Segment Start: INFORMATION SUPPLIED

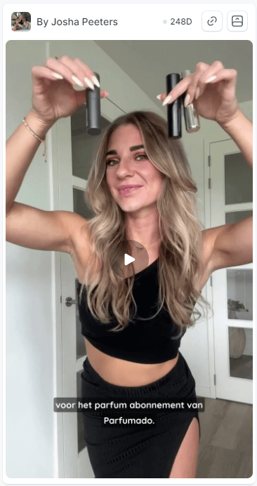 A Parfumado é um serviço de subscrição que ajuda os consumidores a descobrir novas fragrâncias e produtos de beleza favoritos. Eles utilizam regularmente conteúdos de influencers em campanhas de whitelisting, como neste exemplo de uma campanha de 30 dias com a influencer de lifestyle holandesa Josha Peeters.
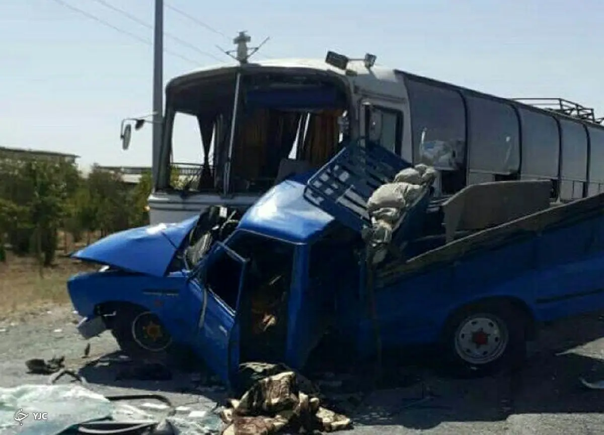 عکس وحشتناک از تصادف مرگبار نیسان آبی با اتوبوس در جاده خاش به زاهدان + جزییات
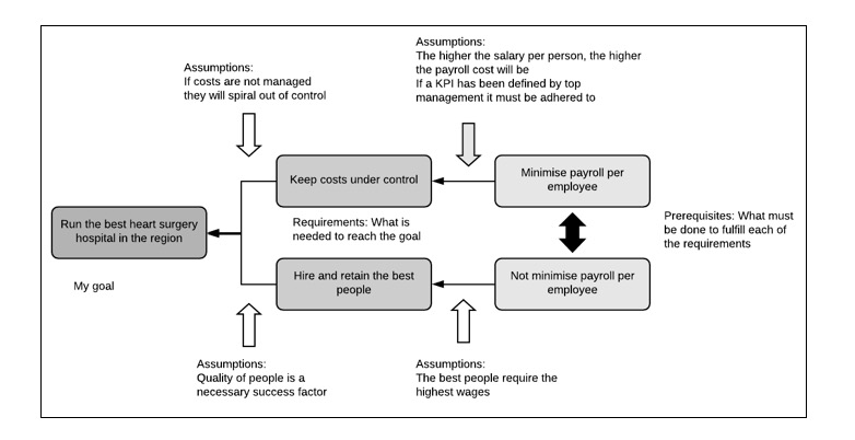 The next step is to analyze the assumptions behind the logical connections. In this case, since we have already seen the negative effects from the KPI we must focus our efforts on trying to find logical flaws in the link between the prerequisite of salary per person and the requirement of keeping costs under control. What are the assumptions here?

Segment End: INFORMATION SUPPLIED

Starting at the first line of the data, set down each line exactly until you have copied the line with "عکس وحشتناک از", but leave the pictures out.

 A Parfumado é um serviço de subscrição que ajuda os consumidores a descobrir novas fragrâncias e produtos de beleza favoritos. Eles utilizam regularmente conteúdos de influencers em campanhas de whitelisting, como neste exemplo de uma campanha de 30 dias com a influencer de lifestyle holandesa Josha Peeters.
 عکس وحشتناک از تصادف مرگبار نیسان آبی با اتوبوس در جاده خاش به زاهدان + جزییات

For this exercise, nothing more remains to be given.